=== Begin Enclosure ===

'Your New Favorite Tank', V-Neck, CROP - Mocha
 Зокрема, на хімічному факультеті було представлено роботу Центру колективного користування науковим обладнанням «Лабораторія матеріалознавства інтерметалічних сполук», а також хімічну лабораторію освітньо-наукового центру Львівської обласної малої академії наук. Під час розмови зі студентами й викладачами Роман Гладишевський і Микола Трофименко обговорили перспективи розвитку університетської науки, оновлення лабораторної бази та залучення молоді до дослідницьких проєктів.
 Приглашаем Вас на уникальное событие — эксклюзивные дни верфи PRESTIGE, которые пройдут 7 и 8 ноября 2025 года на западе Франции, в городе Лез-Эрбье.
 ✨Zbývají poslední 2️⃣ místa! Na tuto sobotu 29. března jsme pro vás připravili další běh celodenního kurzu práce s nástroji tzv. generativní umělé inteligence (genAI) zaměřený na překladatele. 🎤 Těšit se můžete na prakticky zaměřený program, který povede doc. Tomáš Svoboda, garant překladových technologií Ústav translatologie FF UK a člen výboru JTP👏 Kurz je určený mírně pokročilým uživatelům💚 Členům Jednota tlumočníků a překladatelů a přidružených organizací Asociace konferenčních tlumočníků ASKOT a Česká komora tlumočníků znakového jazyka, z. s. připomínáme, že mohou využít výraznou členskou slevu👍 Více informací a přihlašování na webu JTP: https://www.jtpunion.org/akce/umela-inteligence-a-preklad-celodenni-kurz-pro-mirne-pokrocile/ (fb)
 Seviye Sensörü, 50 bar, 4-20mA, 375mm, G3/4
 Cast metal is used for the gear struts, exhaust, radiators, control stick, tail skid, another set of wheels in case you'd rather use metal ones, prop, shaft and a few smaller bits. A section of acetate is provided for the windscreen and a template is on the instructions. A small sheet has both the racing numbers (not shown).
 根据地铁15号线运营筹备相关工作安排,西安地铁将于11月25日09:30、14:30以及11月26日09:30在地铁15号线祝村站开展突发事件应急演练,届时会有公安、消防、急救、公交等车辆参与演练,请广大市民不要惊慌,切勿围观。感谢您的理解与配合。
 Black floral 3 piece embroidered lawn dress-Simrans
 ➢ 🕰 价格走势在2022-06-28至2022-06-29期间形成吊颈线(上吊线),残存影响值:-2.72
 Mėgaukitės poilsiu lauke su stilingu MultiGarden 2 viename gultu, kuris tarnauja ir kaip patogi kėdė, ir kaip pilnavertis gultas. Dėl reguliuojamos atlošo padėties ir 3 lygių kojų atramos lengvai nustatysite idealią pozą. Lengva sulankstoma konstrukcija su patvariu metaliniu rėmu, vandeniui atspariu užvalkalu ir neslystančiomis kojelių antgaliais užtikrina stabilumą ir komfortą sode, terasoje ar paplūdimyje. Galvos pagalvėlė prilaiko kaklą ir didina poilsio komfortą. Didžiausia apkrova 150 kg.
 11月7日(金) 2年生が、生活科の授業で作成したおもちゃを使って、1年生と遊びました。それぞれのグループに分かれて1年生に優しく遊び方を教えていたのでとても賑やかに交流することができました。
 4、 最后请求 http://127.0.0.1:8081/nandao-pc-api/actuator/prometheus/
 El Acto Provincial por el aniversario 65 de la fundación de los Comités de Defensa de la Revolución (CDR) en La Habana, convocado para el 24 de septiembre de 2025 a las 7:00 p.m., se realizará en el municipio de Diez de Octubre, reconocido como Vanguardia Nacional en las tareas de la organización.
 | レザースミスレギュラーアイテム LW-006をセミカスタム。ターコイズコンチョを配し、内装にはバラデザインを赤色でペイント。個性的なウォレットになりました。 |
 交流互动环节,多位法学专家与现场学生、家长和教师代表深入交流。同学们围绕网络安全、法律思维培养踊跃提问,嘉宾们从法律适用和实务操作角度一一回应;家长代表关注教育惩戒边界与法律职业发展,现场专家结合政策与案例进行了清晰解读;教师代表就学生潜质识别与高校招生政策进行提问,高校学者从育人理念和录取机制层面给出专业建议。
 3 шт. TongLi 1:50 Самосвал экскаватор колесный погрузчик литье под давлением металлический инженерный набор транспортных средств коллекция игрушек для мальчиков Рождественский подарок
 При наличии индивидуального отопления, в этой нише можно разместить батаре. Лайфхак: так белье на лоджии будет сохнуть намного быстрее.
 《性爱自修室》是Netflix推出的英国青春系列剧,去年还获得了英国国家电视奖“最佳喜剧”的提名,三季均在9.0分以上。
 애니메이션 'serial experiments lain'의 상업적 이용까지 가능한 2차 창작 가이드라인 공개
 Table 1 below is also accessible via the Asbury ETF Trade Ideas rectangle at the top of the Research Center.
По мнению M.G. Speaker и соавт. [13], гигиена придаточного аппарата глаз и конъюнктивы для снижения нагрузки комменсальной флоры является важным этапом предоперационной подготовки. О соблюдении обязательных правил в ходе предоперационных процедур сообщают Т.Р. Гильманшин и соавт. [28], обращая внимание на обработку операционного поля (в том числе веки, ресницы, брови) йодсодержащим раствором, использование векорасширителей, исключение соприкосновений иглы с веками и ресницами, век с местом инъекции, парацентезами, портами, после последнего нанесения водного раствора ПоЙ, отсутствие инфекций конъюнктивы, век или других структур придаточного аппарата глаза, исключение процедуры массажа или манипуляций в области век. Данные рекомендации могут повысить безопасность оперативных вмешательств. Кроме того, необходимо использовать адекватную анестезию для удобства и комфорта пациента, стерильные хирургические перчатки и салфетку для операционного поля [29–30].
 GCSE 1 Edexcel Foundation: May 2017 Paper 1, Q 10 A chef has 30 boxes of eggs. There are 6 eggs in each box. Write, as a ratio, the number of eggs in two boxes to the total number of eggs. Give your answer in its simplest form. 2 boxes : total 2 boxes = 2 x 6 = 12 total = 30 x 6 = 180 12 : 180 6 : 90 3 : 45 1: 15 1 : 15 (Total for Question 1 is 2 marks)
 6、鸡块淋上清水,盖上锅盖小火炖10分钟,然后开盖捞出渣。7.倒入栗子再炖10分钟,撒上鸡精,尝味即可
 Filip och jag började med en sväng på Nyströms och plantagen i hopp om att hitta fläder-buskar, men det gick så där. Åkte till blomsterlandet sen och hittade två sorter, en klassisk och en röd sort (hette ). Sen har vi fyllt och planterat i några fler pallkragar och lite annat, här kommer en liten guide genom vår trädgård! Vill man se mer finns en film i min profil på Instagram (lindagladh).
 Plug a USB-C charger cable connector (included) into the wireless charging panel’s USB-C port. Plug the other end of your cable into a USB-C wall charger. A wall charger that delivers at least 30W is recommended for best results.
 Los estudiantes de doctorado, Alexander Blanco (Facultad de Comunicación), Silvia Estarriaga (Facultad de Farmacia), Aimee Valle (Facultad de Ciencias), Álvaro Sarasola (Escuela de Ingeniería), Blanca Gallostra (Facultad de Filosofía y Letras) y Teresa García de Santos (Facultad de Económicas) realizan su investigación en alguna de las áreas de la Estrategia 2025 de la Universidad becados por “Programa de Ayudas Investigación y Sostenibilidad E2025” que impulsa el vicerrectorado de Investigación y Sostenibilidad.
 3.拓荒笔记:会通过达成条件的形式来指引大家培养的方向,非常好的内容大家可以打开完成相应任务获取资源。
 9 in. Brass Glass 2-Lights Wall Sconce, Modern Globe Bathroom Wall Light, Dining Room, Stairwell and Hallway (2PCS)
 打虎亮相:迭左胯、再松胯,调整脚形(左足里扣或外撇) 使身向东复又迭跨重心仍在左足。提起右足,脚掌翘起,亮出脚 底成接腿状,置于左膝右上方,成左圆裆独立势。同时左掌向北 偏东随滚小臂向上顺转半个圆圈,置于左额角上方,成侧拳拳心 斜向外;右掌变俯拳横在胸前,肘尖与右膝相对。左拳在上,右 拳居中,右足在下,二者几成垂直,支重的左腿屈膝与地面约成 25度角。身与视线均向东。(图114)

=== End Enclosure ===

● Exercise objective: Go back to the listing above. Copy word for word the lines from the one with "Mėgaukitės poilsiu lauke" through the one with "4、 最后请求 http://127.0.0.1:8081/nandao-pc-api/actuator/prometheus/", and nothing more.

● Response below:
 Mėgaukitės poilsiu lauke su stilingu MultiGarden 2 viename gultu, kuris tarnauja ir kaip patogi kėdė, ir kaip pilnavertis gultas. Dėl reguliuojamos atlošo padėties ir 3 lygių kojų atramos lengvai nustatysite idealią pozą. Lengva sulankstoma konstrukcija su patvariu metaliniu rėmu, vandeniui atspariu užvalkalu ir neslystančiomis kojelių antgaliais užtikrina stabilumą ir komfortą sode, terasoje ar paplūdimyje. Galvos pagalvėlė prilaiko kaklą ir didina poilsio komfortą. Didžiausia apkrova 150 kg.
 11月7日(金) 2年生が、生活科の授業で作成したおもちゃを使って、1年生と遊びました。それぞれのグループに分かれて1年生に優しく遊び方を教えていたのでとても賑やかに交流することができました。
 4、 最后请求 http://127.0.0.1:8081/nandao-pc-api/actuator/prometheus/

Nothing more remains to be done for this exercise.